Hereinafter, an operation of forming a yellow image in the first unit 10Y will be described.
First, before the operation, the surface of the photoreceptor 1Y is charged to a potential of −600 V to −800 V by the charging roll 2Y.
The photoreceptor 1Y is formed by laminating a photosensitive layer on a conductive substrate (for example, volume resistivity at 20° C.: 1×10−6 Ωcm or less). The photosensitive layer typically has high resistance (that is, about the same resistance as that of a general resin), but has properties in which when the laser beams 3Y are applied, the specific resistance of a part irradiated with the laser beams changes. Accordingly, the laser beams 3Y are output to the charged surface of the photoreceptor 1Y via the exposure device 3 in accordance with image data for yellow sent from the controller (not shown). The laser beams 3Y are applied to the photosensitive layer on the surface of the photoreceptor 1Y, and thus, an electrostatic charge image of a yellow image pattern is formed on the surface of the photoreceptor 1Y.
The electrostatic charge image is an image that is formed on the surface of the photoreceptor 1Y by charging, and is a so-called negative latent image, that is formed by applying the laser beams 3Y to the photosensitive layer so that the specific resistance of the irradiated part is lowered to cause charges to flow on the surface of the photoreceptor 1Y, while charges remain on a part to which the laser beams 3Y are not applied.

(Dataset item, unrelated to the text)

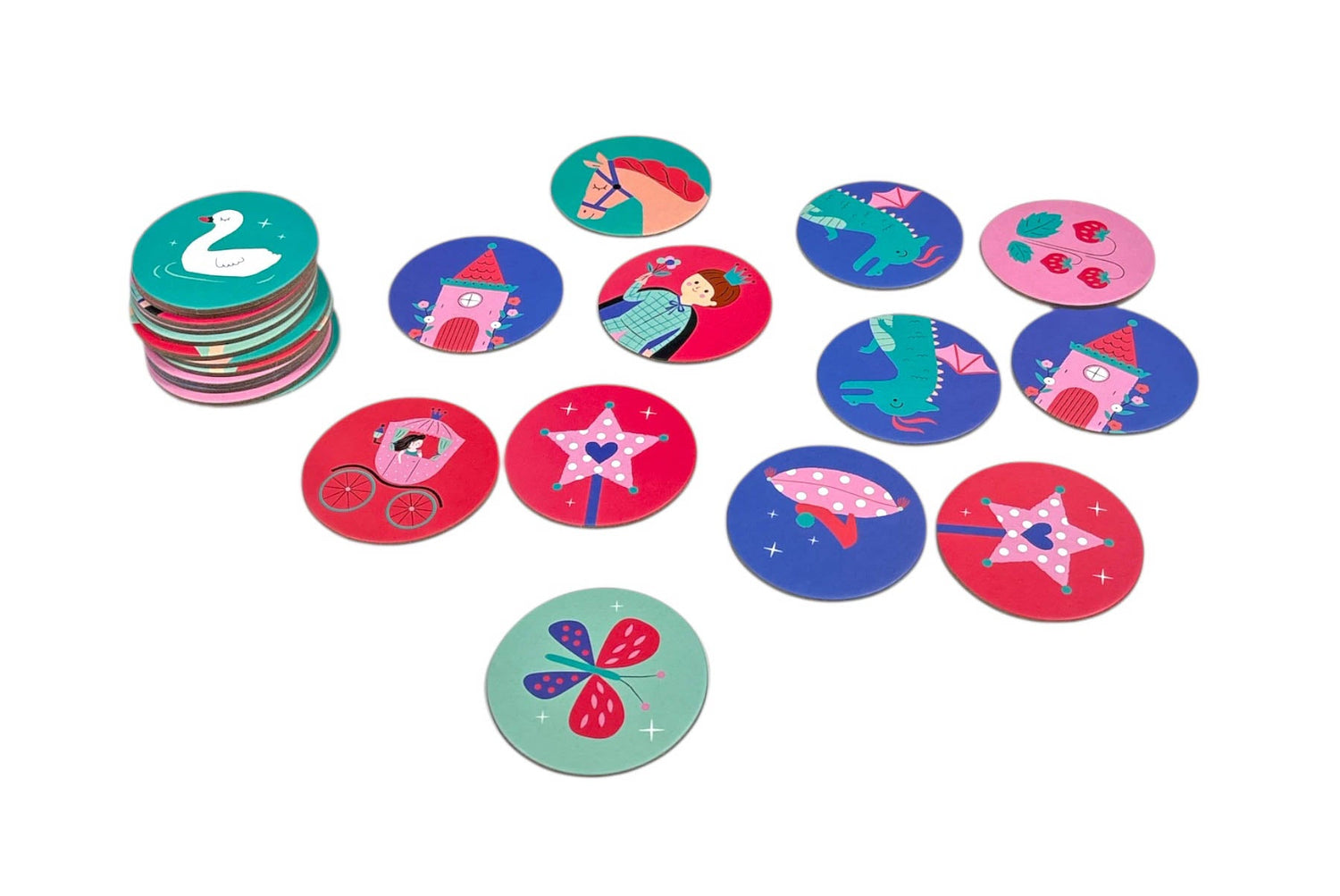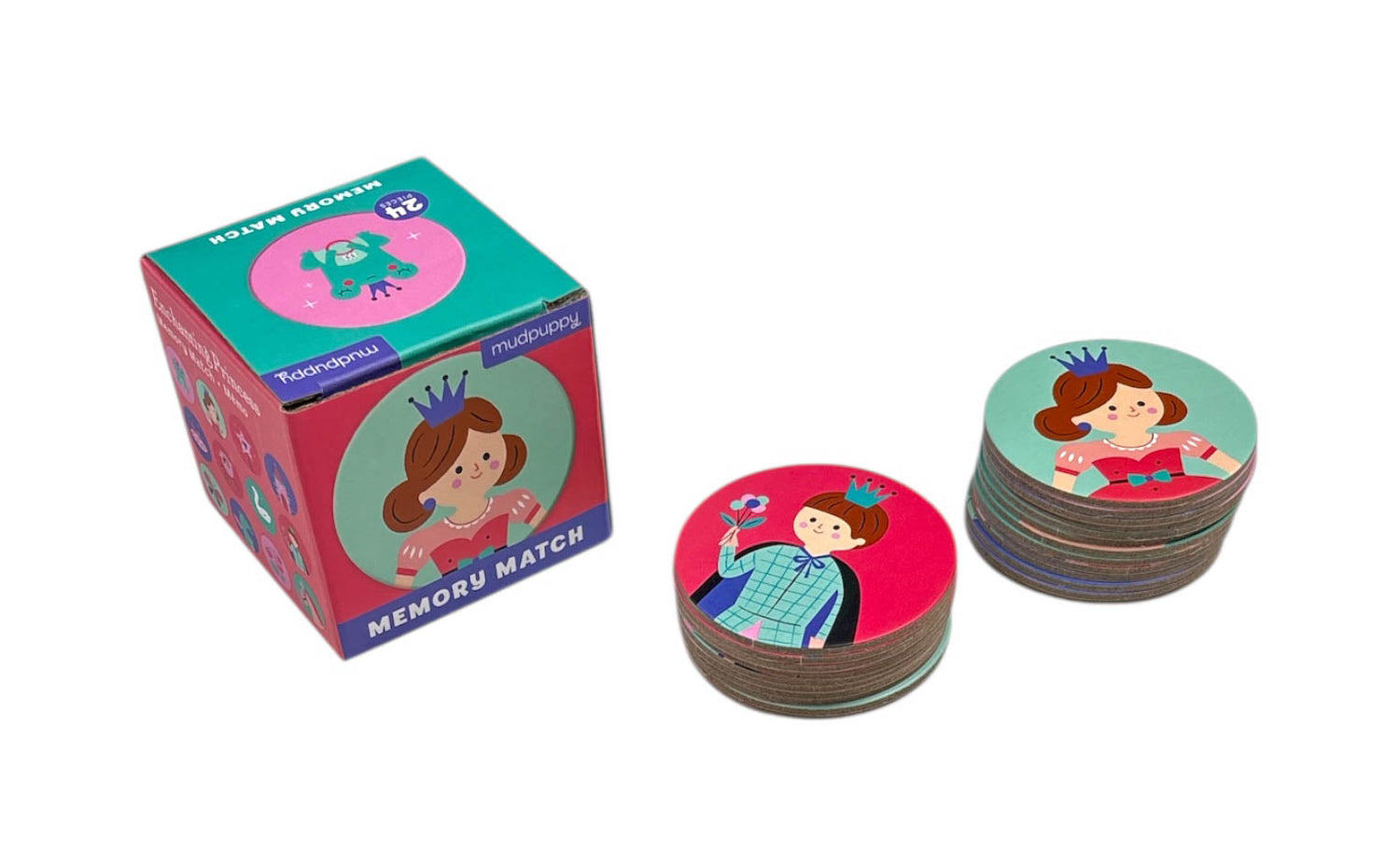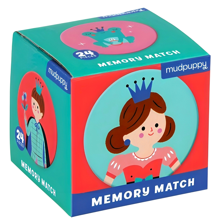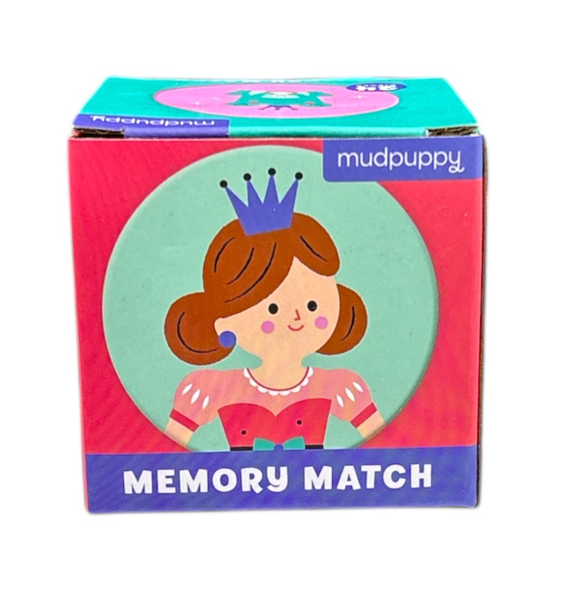 Test your little ones' memory with the Enchanting Princess Mini Memory Game by Mudpuppy, which includes 12 pairs of cards featuring different, fun storybook characters. Perfect for traveling or keeping with you for anytime play.

The electrostatic charge image that is formed on the photoreceptor 1Y is rotated up to a predetermined developing position with the travelling of the photoreceptor 1Y. The electrostatic charge image on the photoreceptor 1Y is visualized (developed) as a toner image at the developing position by the developing device 4Y.
The developing device 4Y accommodates, for example, an electrostatic charge image developer including at least a yellow toner and a carrier. The yellow toner is frictionally charged by being stirred in the developing device 4Y to have a charge with the same polarity (negative polarity) as the charge that is on the photoreceptor 1Y, and is thus held on the developer roll (an example of the developer holding member). By allowing the surface of the photoreceptor 1Y to pass through the developing device 4Y, the yellow toner is electrostatically attached to the latent image part having been erased on the surface of the photoreceptor 1Y, and thus, the latent image is developed with the yellow toner. Next, the photoreceptor 1Y having the yellow toner image formed thereon continuously travels at a predetermined rate and the toner image developed on the photoreceptor 1Y is transported to a predetermined primary transfer position.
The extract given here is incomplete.